=== Task objective ===
The required output is the lines of the listing from the beginning through the line containing "ココア 2869 319円(295円)", each copied exactly, without any pictures.

=== Task input ===
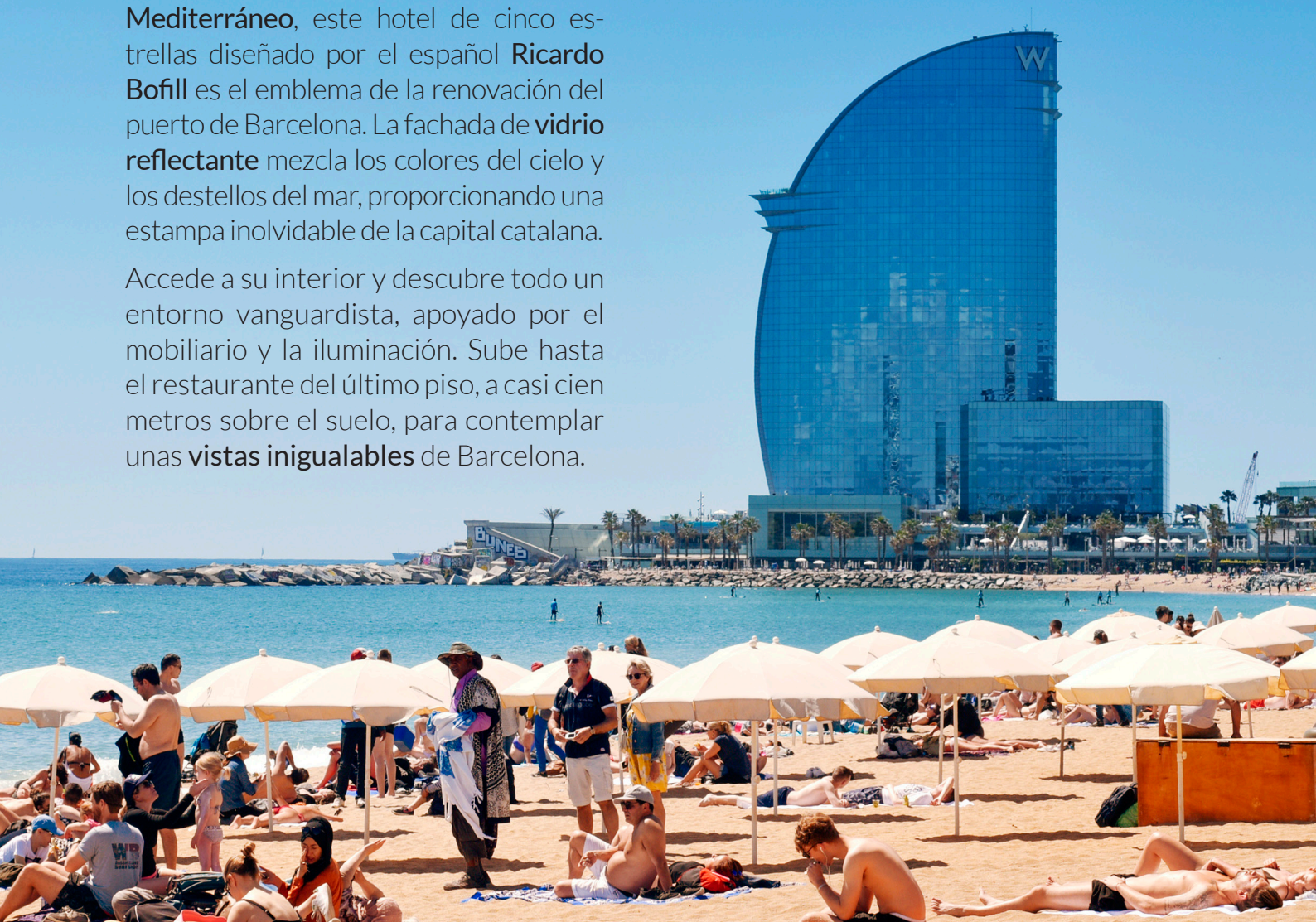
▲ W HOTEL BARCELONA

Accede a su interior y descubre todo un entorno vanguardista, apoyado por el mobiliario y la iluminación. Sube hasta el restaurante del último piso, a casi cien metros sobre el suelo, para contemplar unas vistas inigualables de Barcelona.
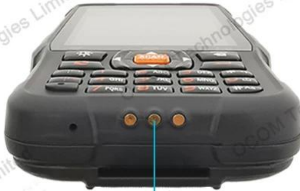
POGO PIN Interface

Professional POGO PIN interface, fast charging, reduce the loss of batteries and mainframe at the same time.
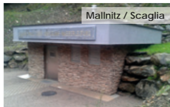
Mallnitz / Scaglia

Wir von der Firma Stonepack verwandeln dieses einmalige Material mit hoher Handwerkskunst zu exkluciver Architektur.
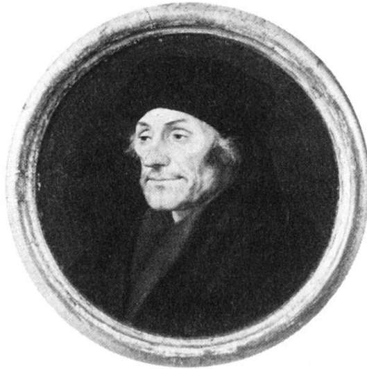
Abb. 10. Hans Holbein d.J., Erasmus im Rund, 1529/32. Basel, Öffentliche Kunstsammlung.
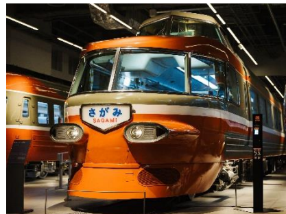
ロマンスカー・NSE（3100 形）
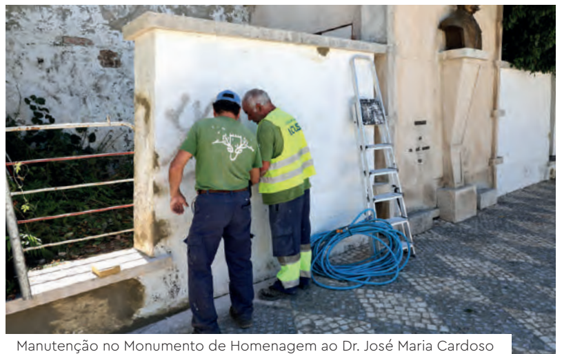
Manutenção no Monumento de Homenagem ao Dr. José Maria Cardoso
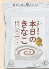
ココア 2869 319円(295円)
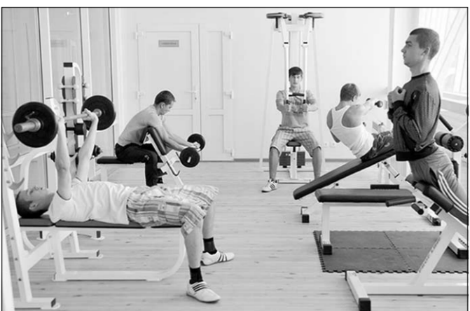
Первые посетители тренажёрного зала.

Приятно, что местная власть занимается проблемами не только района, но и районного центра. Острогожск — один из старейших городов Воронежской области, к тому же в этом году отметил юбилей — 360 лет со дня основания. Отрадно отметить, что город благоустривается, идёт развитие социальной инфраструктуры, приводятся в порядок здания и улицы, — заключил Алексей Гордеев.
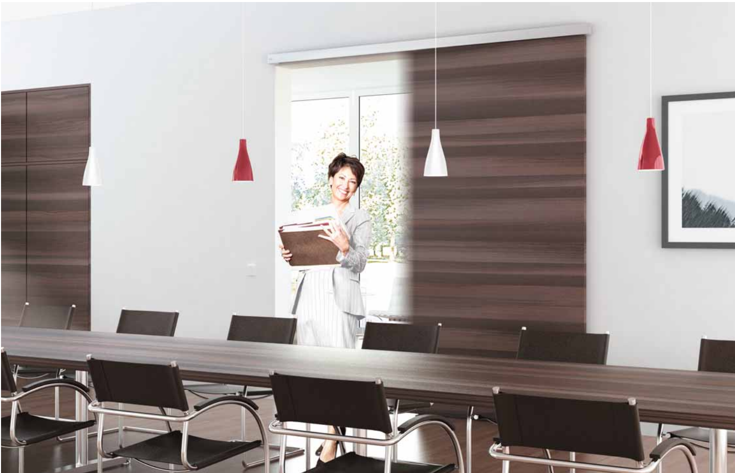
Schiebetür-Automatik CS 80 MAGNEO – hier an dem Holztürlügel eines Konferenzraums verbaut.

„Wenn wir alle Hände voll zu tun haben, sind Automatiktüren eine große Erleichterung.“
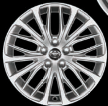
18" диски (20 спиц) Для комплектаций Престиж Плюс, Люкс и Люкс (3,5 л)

=== Task result ===
▲ W HOTEL BARCELONA

Accede a su interior y descubre todo un entorno vanguardista, apoyado por el mobiliario y la iluminación. Sube hasta el restaurante del último piso, a casi cien metros sobre el suelo, para contemplar unas vistas inigualables de Barcelona.
POGO PIN Interface

Professional POGO PIN interface, fast charging, reduce the loss of batteries and mainframe at the same time.
Mallnitz / Scaglia

Wir von der Firma Stonepack verwandeln dieses einmalige Material mit hoher Handwerkskunst zu exkluciver Architektur.
Abb. 10. Hans Holbein d.J., Erasmus im Rund, 1529/32. Basel, Öffentliche Kunstsammlung.
ロマンスカー・NSE（3100 形）
Manutenção no Monumento de Homenagem ao Dr. José Maria Cardoso
ココア 2869 319円(295円)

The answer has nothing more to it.